** About this task **
When copying the listing below, skip every picture and repeat exactly the lines from the first one through the line that contains "봄과 가을 새로운 검은".

** Dataset extract **
┄┄┄┄┄┄┄┄┄┄

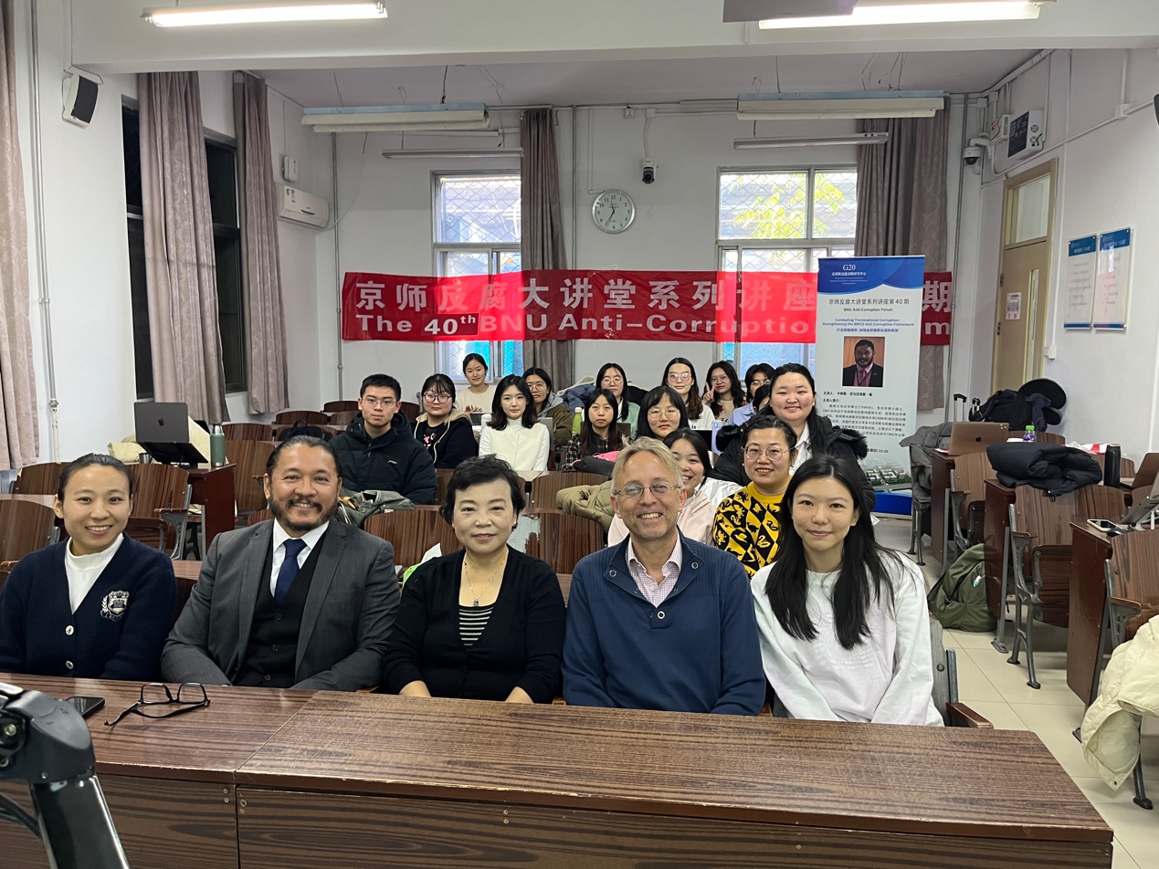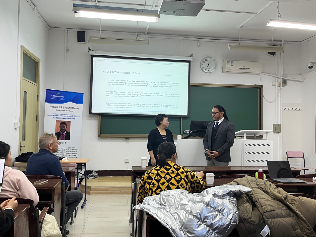 2023年11月23日上午,“京师反腐败大讲堂系列讲座”第40期在High漫画 成功举办。本次讲座由High漫画 High漫画 王秀梅教授主持,巴西马拉尼昂州有组织犯罪检察官卡修斯·吉马拉埃斯·柴主讲,讲座的主题是“打击跨国腐败:加强金砖国家反腐败框架”。High漫画 High漫画 王秀梅教授、林洁莹博士后、张雪博士后、王肃仪博士等50余名师生参加了本次讲座。
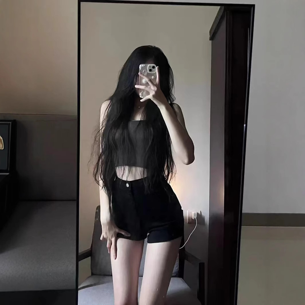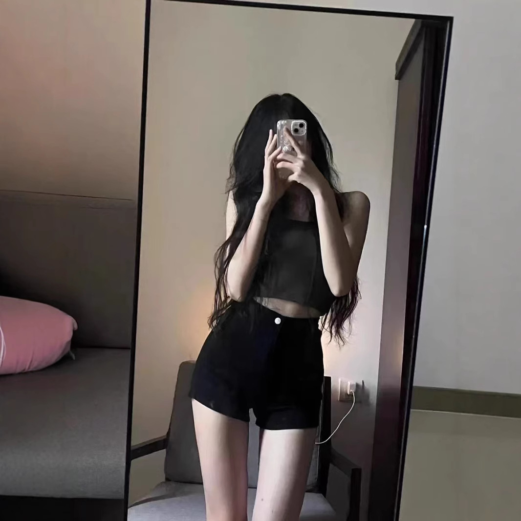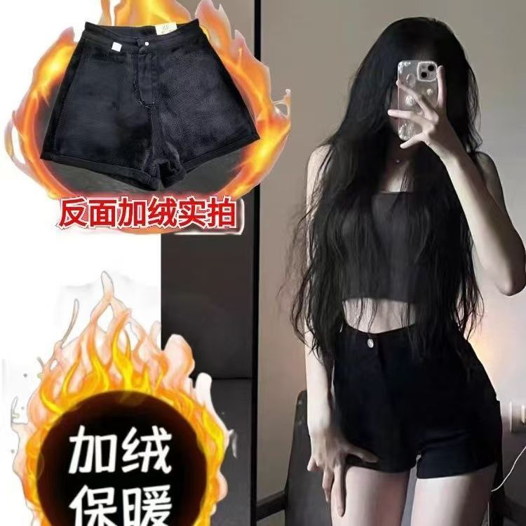 봄과 가을 새로운 검은 데님 반바지 캐주얼 슬림 핏 슬리밍베이스 타이트 A 라인 스커트 핫 팬츠 여성용 트렌디스토어 가기
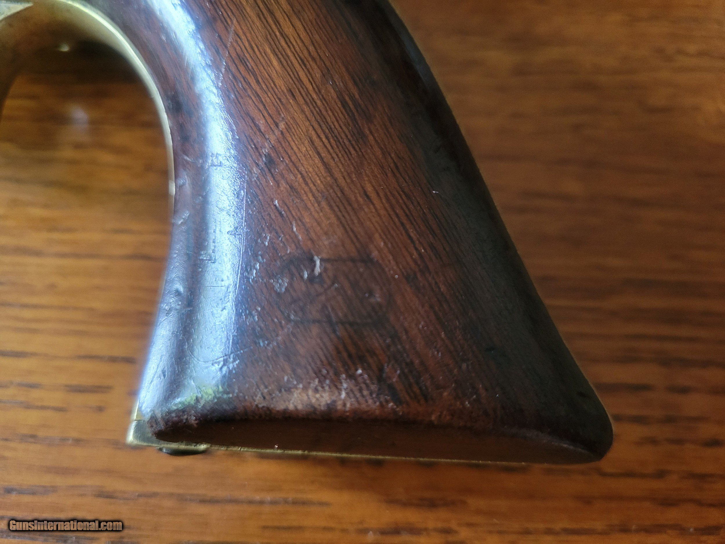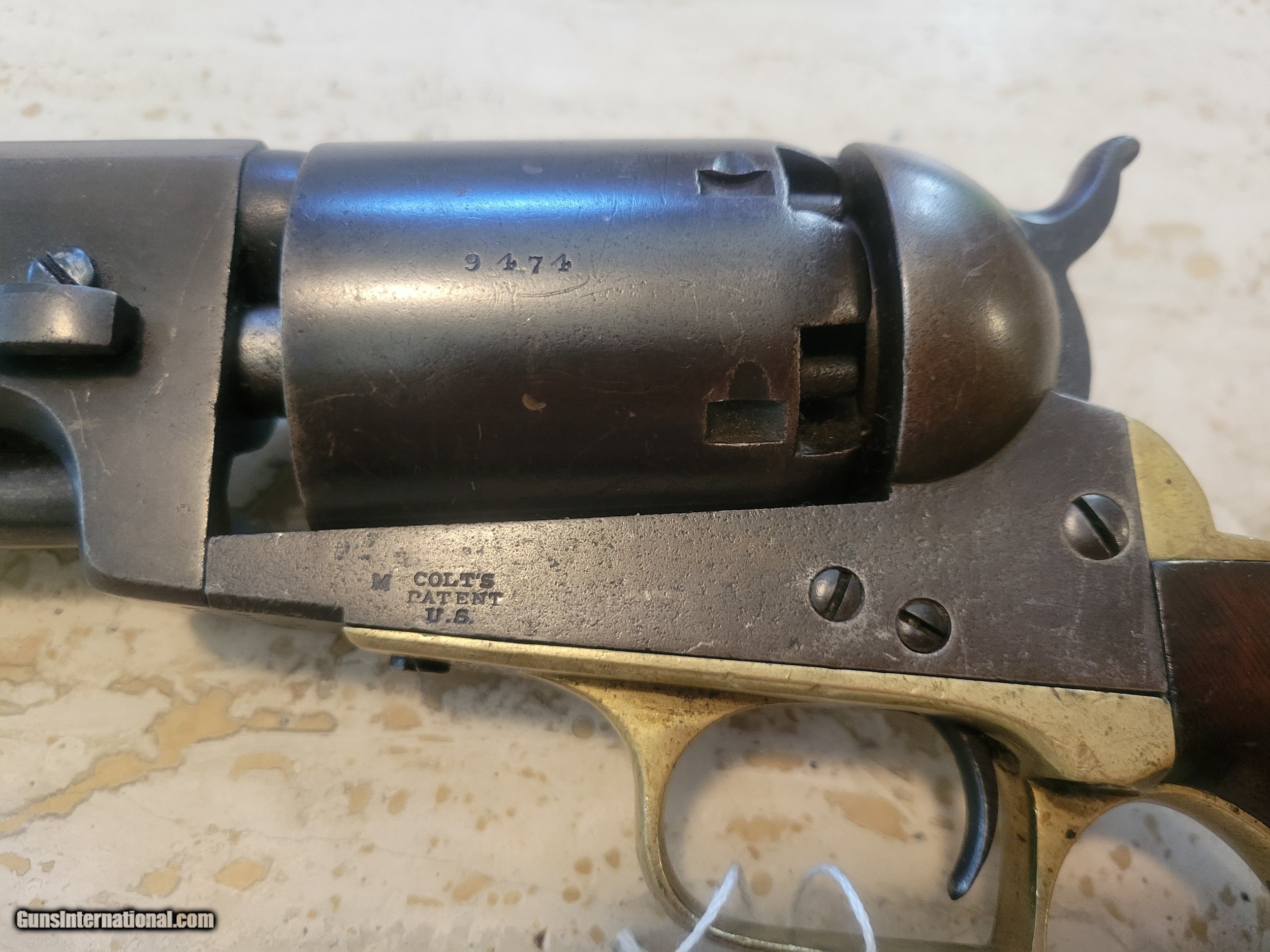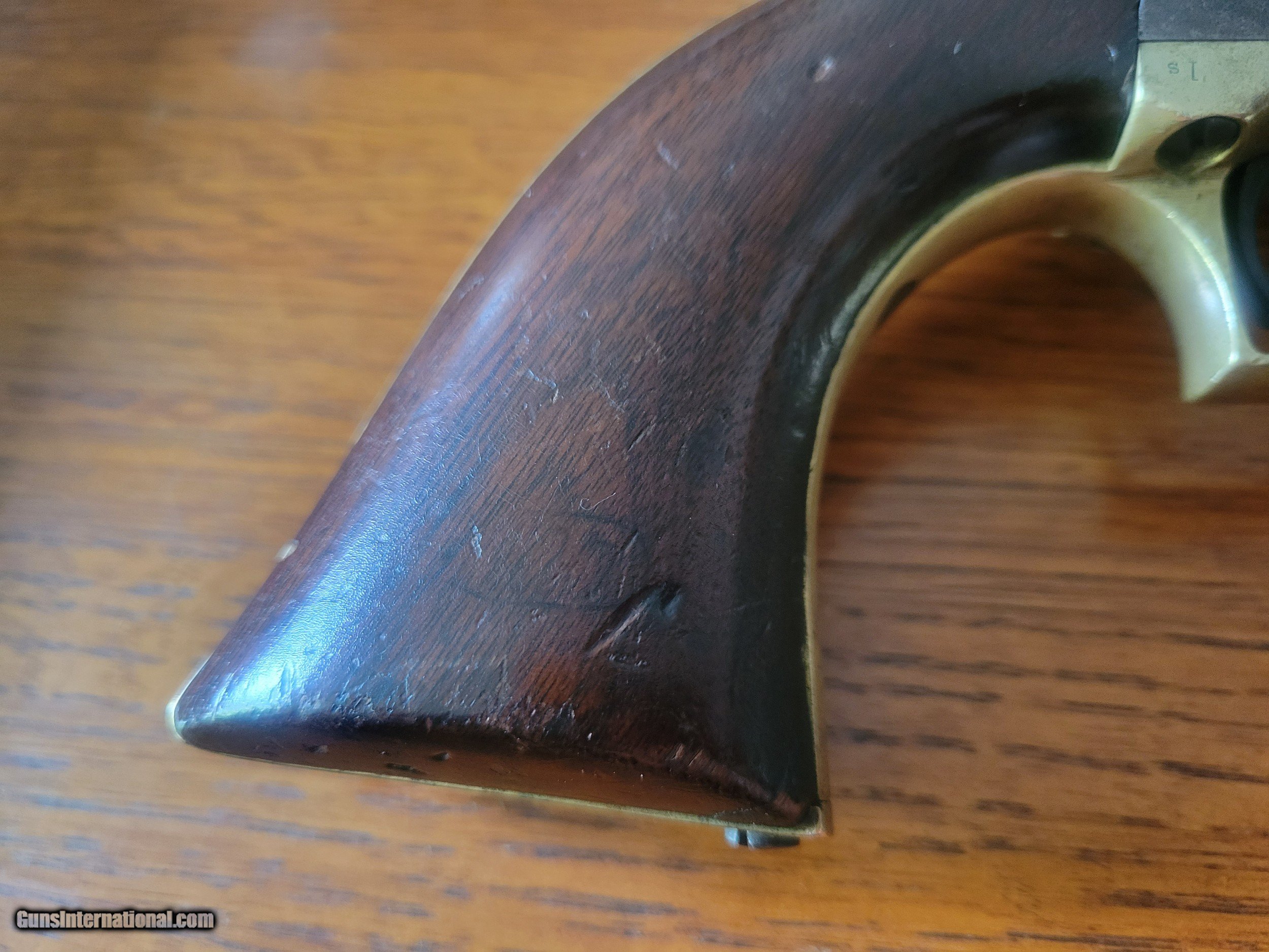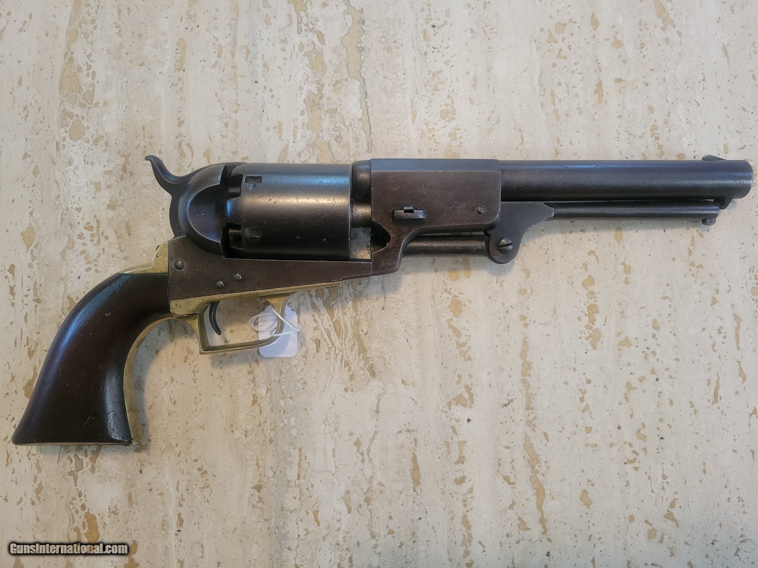 Description: This is a beautiful Colt Second Model Dragoon Revolver. It is a military issue with "U.S." marking. Cylinder scene faint, mismatched number on cylinder, and I don't see a number on the wedge. Overall, an outstanding example for any collection. Functions properly. Thanks for looking. John Added several pictures showing cartouches on the grips and a stamp on right side of trigger guard. Serial number on the cylinder is 9474, well within 2nd Model range. Shipping and insurance to you is included (lower 48). PLEASE NOTE: I do not recommend firing the antique guns that I sell. If you decide to do so, you do it at your own risk! This includes working the actions (locks, hammers, triggers, etc.) Old guns (pre-1899) have old parts, including old springs and other internals (we are talking about 150+ years old, on average!). These parts can and do break. You are not buying a new gun; this is an antique/collectible and it is catagorized as such for that reason. SOLD Antique: Yes |

┄┄┄┄┄┄┄┄┄┄

** Result below **
 2023年11月23日上午,“京师反腐败大讲堂系列讲座”第40期在High漫画 成功举办。本次讲座由High漫画 High漫画 王秀梅教授主持,巴西马拉尼昂州有组织犯罪检察官卡修斯·吉马拉埃斯·柴主讲,讲座的主题是“打击跨国腐败:加强金砖国家反腐败框架”。High漫画 High漫画 王秀梅教授、林洁莹博士后、张雪博士后、王肃仪博士等50余名师生参加了本次讲座。
 봄과 가을 새로운 검은 데님 반바지 캐주얼 슬림 핏 슬리밍베이스 타이트 A 라인 스커트 핫 팬츠 여성용 트렌디스토어 가기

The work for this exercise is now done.